▶ **Extracted records**:
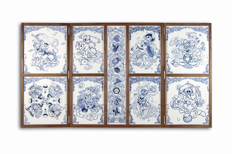 《摩登时代I》薛雷 胡桃木、手绘青花、瓷板
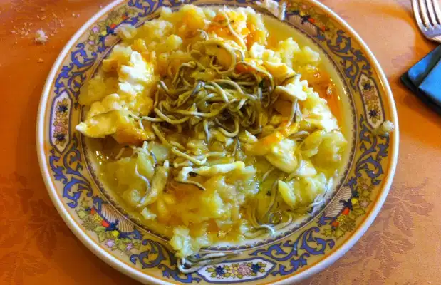 On y mange bien, avec une variété de spécialités de cuisine castillane, comme le cochon de lait, il y a divers plats de viandes et de poissons, et qui se distingue également par ses tapas et l'oreille de porc typique qui est une merveille, la nourriture est bonne, le prix est bon, pris avec des vins de la rivage, Riojas, etc.
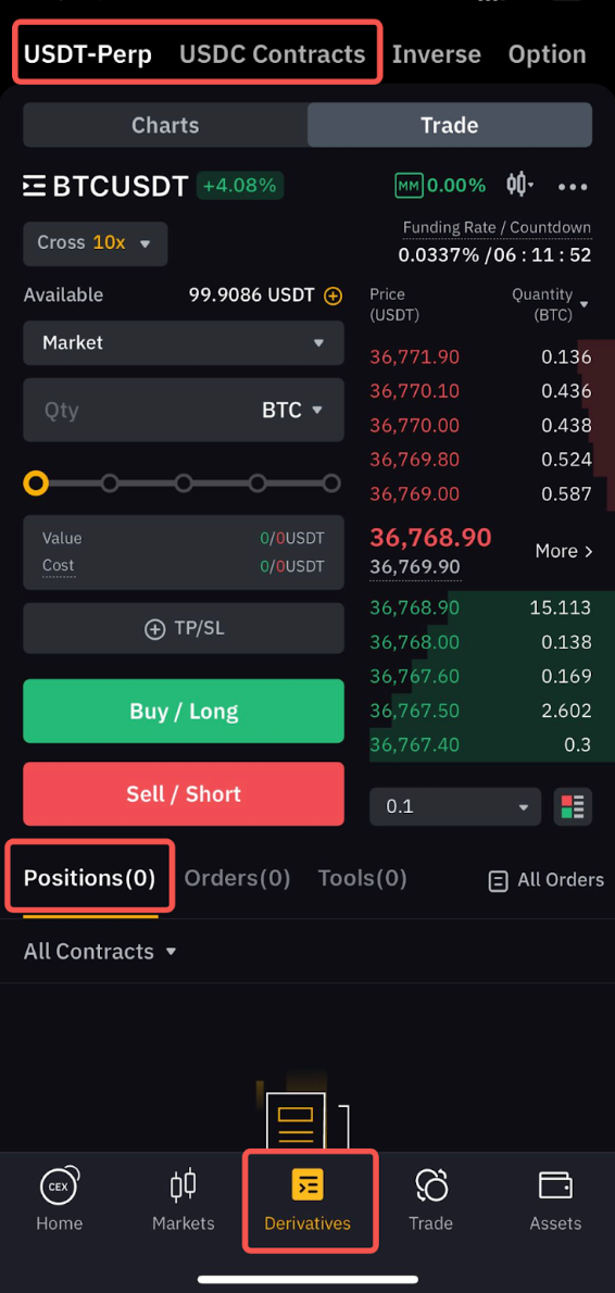 - Спот (USDT) и бессрочный USDT контракт
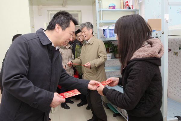 张永凯深入学十楼、学八楼学生宿舍,亲切看望留校学生,仔细询问了他们的学习、生活情况。他代表中共北京市委教育工委、北京市教委对留校学生表示慰问,向大家拜年,希望学生在北京过一个快乐、平安、幸福的春节,并通过大家给家人祝贺新春佳节。他希望留校学生抓住寒假机会,多学习,多锻炼。他亲手将温暖大礼包和红包发给留校学生,带来了北京市对大学生们的关爱和温暖。
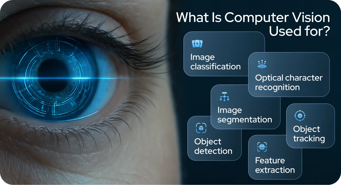 - Interpreting and evaluating the data — After the system detects patterns, it decides what the image contains. The process may involve identifying machinery in a factory, recognizing individuals in surveillance footage, or detecting possible medical conditions in diagnostic scans.

▶ **Exercise**:
Type the material out again exactly. Skip the pictures.

▶ **Written solution**:
 《摩登时代I》薛雷 胡桃木、手绘青花、瓷板
 On y mange bien, avec une variété de spécialités de cuisine castillane, comme le cochon de lait, il y a divers plats de viandes et de poissons, et qui se distingue également par ses tapas et l'oreille de porc typique qui est une merveille, la nourriture est bonne, le prix est bon, pris avec des vins de la rivage, Riojas, etc.
 - Спот (USDT) и бессрочный USDT контракт
 张永凯深入学十楼、学八楼学生宿舍,亲切看望留校学生,仔细询问了他们的学习、生活情况。他代表中共北京市委教育工委、北京市教委对留校学生表示慰问,向大家拜年,希望学生在北京过一个快乐、平安、幸福的春节,并通过大家给家人祝贺新春佳节。他希望留校学生抓住寒假机会,多学习,多锻炼。他亲手将温暖大礼包和红包发给留校学生,带来了北京市对大学生们的关爱和温暖。
 - Interpreting and evaluating the data — After the system detects patterns, it decides what the image contains. The process may involve identifying machinery in a factory, recognizing individuals in surveillance footage, or detecting possible medical conditions in diagnostic scans.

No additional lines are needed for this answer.